## YOUR TASK
The data that follows is to be given again, exactly as written.

(RECORDED DATA begins)

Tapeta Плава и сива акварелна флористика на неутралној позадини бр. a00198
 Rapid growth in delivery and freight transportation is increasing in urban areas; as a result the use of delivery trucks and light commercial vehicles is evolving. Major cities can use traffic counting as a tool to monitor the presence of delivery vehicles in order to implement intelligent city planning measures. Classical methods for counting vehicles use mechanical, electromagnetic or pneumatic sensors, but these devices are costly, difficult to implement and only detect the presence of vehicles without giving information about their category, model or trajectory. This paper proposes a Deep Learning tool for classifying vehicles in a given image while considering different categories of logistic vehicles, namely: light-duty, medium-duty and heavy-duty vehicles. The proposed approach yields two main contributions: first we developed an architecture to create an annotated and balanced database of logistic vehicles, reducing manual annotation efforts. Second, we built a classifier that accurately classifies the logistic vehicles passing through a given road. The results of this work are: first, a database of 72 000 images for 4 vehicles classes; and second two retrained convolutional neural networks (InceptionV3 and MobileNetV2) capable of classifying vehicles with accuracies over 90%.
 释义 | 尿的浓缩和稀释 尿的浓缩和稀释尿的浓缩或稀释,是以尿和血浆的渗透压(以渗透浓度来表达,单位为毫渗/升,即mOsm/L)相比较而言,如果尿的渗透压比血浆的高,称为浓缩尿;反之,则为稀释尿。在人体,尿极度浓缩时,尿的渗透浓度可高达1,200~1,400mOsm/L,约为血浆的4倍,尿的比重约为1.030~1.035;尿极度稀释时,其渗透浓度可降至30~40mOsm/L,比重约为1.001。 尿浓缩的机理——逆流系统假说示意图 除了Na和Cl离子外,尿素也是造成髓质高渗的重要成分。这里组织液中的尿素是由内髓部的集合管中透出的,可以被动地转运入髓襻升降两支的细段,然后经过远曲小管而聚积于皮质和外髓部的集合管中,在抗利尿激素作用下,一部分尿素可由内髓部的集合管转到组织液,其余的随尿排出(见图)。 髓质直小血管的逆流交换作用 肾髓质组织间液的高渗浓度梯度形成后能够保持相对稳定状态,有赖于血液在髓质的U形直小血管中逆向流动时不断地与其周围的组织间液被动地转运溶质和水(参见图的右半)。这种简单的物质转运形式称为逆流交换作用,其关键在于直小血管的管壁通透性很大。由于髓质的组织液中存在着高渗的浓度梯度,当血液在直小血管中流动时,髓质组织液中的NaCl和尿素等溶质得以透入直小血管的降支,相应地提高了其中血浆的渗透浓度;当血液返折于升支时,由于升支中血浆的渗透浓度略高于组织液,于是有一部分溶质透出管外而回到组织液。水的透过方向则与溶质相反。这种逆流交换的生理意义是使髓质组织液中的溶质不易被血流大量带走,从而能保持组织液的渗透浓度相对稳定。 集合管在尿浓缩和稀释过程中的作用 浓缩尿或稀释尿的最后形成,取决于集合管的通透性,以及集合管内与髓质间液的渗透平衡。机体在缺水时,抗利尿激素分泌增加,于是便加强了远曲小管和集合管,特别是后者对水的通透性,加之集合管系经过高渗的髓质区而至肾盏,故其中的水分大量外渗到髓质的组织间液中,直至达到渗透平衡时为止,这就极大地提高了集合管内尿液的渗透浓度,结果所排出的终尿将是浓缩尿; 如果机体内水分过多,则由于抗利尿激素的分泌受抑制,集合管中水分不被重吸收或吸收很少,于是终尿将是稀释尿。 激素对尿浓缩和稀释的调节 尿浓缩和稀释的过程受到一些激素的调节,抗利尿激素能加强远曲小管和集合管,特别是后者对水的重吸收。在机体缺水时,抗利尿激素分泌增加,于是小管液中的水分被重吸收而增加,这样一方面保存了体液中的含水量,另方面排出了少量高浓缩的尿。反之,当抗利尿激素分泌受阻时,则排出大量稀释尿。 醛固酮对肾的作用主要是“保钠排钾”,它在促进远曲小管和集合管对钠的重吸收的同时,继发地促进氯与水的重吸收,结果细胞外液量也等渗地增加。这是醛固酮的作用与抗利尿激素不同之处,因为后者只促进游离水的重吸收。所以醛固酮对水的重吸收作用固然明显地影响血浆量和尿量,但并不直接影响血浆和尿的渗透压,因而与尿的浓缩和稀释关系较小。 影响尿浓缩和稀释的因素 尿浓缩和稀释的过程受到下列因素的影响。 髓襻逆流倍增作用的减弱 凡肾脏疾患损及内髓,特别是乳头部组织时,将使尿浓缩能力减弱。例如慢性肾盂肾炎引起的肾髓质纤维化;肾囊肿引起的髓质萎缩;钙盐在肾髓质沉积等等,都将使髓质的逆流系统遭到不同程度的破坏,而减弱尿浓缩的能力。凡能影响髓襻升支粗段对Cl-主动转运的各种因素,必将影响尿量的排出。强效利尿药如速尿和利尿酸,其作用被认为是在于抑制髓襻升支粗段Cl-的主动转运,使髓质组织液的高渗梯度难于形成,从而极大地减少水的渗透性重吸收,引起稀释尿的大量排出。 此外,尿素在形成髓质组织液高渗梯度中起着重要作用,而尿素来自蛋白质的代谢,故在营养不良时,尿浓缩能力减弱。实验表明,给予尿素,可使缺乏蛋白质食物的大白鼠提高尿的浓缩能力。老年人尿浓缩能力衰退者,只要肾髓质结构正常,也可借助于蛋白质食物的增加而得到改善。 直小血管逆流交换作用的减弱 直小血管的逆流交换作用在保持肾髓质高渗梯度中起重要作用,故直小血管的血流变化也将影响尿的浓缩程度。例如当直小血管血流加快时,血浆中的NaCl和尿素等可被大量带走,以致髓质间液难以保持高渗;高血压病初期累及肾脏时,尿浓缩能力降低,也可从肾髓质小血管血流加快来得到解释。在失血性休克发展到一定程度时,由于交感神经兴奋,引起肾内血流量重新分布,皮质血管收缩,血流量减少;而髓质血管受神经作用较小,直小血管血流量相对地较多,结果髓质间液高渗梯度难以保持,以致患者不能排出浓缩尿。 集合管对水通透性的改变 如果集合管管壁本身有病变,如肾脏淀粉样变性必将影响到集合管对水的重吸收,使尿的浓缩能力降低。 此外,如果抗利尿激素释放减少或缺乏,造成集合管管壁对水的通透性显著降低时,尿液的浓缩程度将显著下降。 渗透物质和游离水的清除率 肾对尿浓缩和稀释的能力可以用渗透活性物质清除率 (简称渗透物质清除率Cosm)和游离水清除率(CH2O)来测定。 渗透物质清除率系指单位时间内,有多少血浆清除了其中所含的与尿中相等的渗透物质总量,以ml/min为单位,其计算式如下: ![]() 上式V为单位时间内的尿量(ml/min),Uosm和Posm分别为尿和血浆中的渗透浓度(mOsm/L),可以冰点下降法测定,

(RECORDED DATA ends)

## SOLUTION
Tapeta Плава и сива акварелна флористика на неутралној позадини бр. a00198
 Rapid growth in delivery and freight transportation is increasing in urban areas; as a result the use of delivery trucks and light commercial vehicles is evolving. Major cities can use traffic counting as a tool to monitor the presence of delivery vehicles in order to implement intelligent city planning measures. Classical methods for counting vehicles use mechanical, electromagnetic or pneumatic sensors, but these devices are costly, difficult to implement and only detect the presence of vehicles without giving information about their category, model or trajectory. This paper proposes a Deep Learning tool for classifying vehicles in a given image while considering different categories of logistic vehicles, namely: light-duty, medium-duty and heavy-duty vehicles. The proposed approach yields two main contributions: first we developed an architecture to create an annotated and balanced database of logistic vehicles, reducing manual annotation efforts. Second, we built a classifier that accurately classifies the logistic vehicles passing through a given road. The results of this work are: first, a database of 72 000 images for 4 vehicles classes; and second two retrained convolutional neural networks (InceptionV3 and MobileNetV2) capable of classifying vehicles with accuracies over 90%.
 释义 | 尿的浓缩和稀释 尿的浓缩和稀释尿的浓缩或稀释,是以尿和血浆的渗透压(以渗透浓度来表达,单位为毫渗/升,即mOsm/L)相比较而言,如果尿的渗透压比血浆的高,称为浓缩尿;反之,则为稀释尿。在人体,尿极度浓缩时,尿的渗透浓度可高达1,200~1,400mOsm/L,约为血浆的4倍,尿的比重约为1.030~1.035;尿极度稀释时,其渗透浓度可降至30~40mOsm/L,比重约为1.001。 尿浓缩的机理——逆流系统假说示意图 除了Na和Cl离子外,尿素也是造成髓质高渗的重要成分。这里组织液中的尿素是由内髓部的集合管中透出的,可以被动地转运入髓襻升降两支的细段,然后经过远曲小管而聚积于皮质和外髓部的集合管中,在抗利尿激素作用下,一部分尿素可由内髓部的集合管转到组织液,其余的随尿排出(见图)。 髓质直小血管的逆流交换作用 肾髓质组织间液的高渗浓度梯度形成后能够保持相对稳定状态,有赖于血液在髓质的U形直小血管中逆向流动时不断地与其周围的组织间液被动地转运溶质和水(参见图的右半)。这种简单的物质转运形式称为逆流交换作用,其关键在于直小血管的管壁通透性很大。由于髓质的组织液中存在着高渗的浓度梯度,当血液在直小血管中流动时,髓质组织液中的NaCl和尿素等溶质得以透入直小血管的降支,相应地提高了其中血浆的渗透浓度;当血液返折于升支时,由于升支中血浆的渗透浓度略高于组织液,于是有一部分溶质透出管外而回到组织液。水的透过方向则与溶质相反。这种逆流交换的生理意义是使髓质组织液中的溶质不易被血流大量带走,从而能保持组织液的渗透浓度相对稳定。 集合管在尿浓缩和稀释过程中的作用 浓缩尿或稀释尿的最后形成,取决于集合管的通透性,以及集合管内与髓质间液的渗透平衡。机体在缺水时,抗利尿激素分泌增加,于是便加强了远曲小管和集合管,特别是后者对水的通透性,加之集合管系经过高渗的髓质区而至肾盏,故其中的水分大量外渗到髓质的组织间液中,直至达到渗透平衡时为止,这就极大地提高了集合管内尿液的渗透浓度,结果所排出的终尿将是浓缩尿; 如果机体内水分过多,则由于抗利尿激素的分泌受抑制,集合管中水分不被重吸收或吸收很少,于是终尿将是稀释尿。 激素对尿浓缩和稀释的调节 尿浓缩和稀释的过程受到一些激素的调节,抗利尿激素能加强远曲小管和集合管,特别是后者对水的重吸收。在机体缺水时,抗利尿激素分泌增加,于是小管液中的水分被重吸收而增加,这样一方面保存了体液中的含水量,另方面排出了少量高浓缩的尿。反之,当抗利尿激素分泌受阻时,则排出大量稀释尿。 醛固酮对肾的作用主要是“保钠排钾”,它在促进远曲小管和集合管对钠的重吸收的同时,继发地促进氯与水的重吸收,结果细胞外液量也等渗地增加。这是醛固酮的作用与抗利尿激素不同之处,因为后者只促进游离水的重吸收。所以醛固酮对水的重吸收作用固然明显地影响血浆量和尿量,但并不直接影响血浆和尿的渗透压,因而与尿的浓缩和稀释关系较小。 影响尿浓缩和稀释的因素 尿浓缩和稀释的过程受到下列因素的影响。 髓襻逆流倍增作用的减弱 凡肾脏疾患损及内髓,特别是乳头部组织时,将使尿浓缩能力减弱。例如慢性肾盂肾炎引起的肾髓质纤维化;肾囊肿引起的髓质萎缩;钙盐在肾髓质沉积等等,都将使髓质的逆流系统遭到不同程度的破坏,而减弱尿浓缩的能力。凡能影响髓襻升支粗段对Cl-主动转运的各种因素,必将影响尿量的排出。强效利尿药如速尿和利尿酸,其作用被认为是在于抑制髓襻升支粗段Cl-的主动转运,使髓质组织液的高渗梯度难于形成,从而极大地减少水的渗透性重吸收,引起稀释尿的大量排出。 此外,尿素在形成髓质组织液高渗梯度中起着重要作用,而尿素来自蛋白质的代谢,故在营养不良时,尿浓缩能力减弱。实验表明,给予尿素,可使缺乏蛋白质食物的大白鼠提高尿的浓缩能力。老年人尿浓缩能力衰退者,只要肾髓质结构正常,也可借助于蛋白质食物的增加而得到改善。 直小血管逆流交换作用的减弱 直小血管的逆流交换作用在保持肾髓质高渗梯度中起重要作用,故直小血管的血流变化也将影响尿的浓缩程度。例如当直小血管血流加快时,血浆中的NaCl和尿素等可被大量带走,以致髓质间液难以保持高渗;高血压病初期累及肾脏时,尿浓缩能力降低,也可从肾髓质小血管血流加快来得到解释。在失血性休克发展到一定程度时,由于交感神经兴奋,引起肾内血流量重新分布,皮质血管收缩,血流量减少;而髓质血管受神经作用较小,直小血管血流量相对地较多,结果髓质间液高渗梯度难以保持,以致患者不能排出浓缩尿。 集合管对水通透性的改变 如果集合管管壁本身有病变,如肾脏淀粉样变性必将影响到集合管对水的重吸收,使尿的浓缩能力降低。 此外,如果抗利尿激素释放减少或缺乏,造成集合管管壁对水的通透性显著降低时,尿液的浓缩程度将显著下降。 渗透物质和游离水的清除率 肾对尿浓缩和稀释的能力可以用渗透活性物质清除率 (简称渗透物质清除率Cosm)和游离水清除率(CH2O)来测定。 渗透物质清除率系指单位时间内,有多少血浆清除了其中所含的与尿中相等的渗透物质总量,以ml/min为单位,其计算式如下: ![]() 上式V为单位时间内的尿量(ml/min),Uosm和Posm分别为尿和血浆中的渗透浓度(mOsm/L),可以冰点下降法测定,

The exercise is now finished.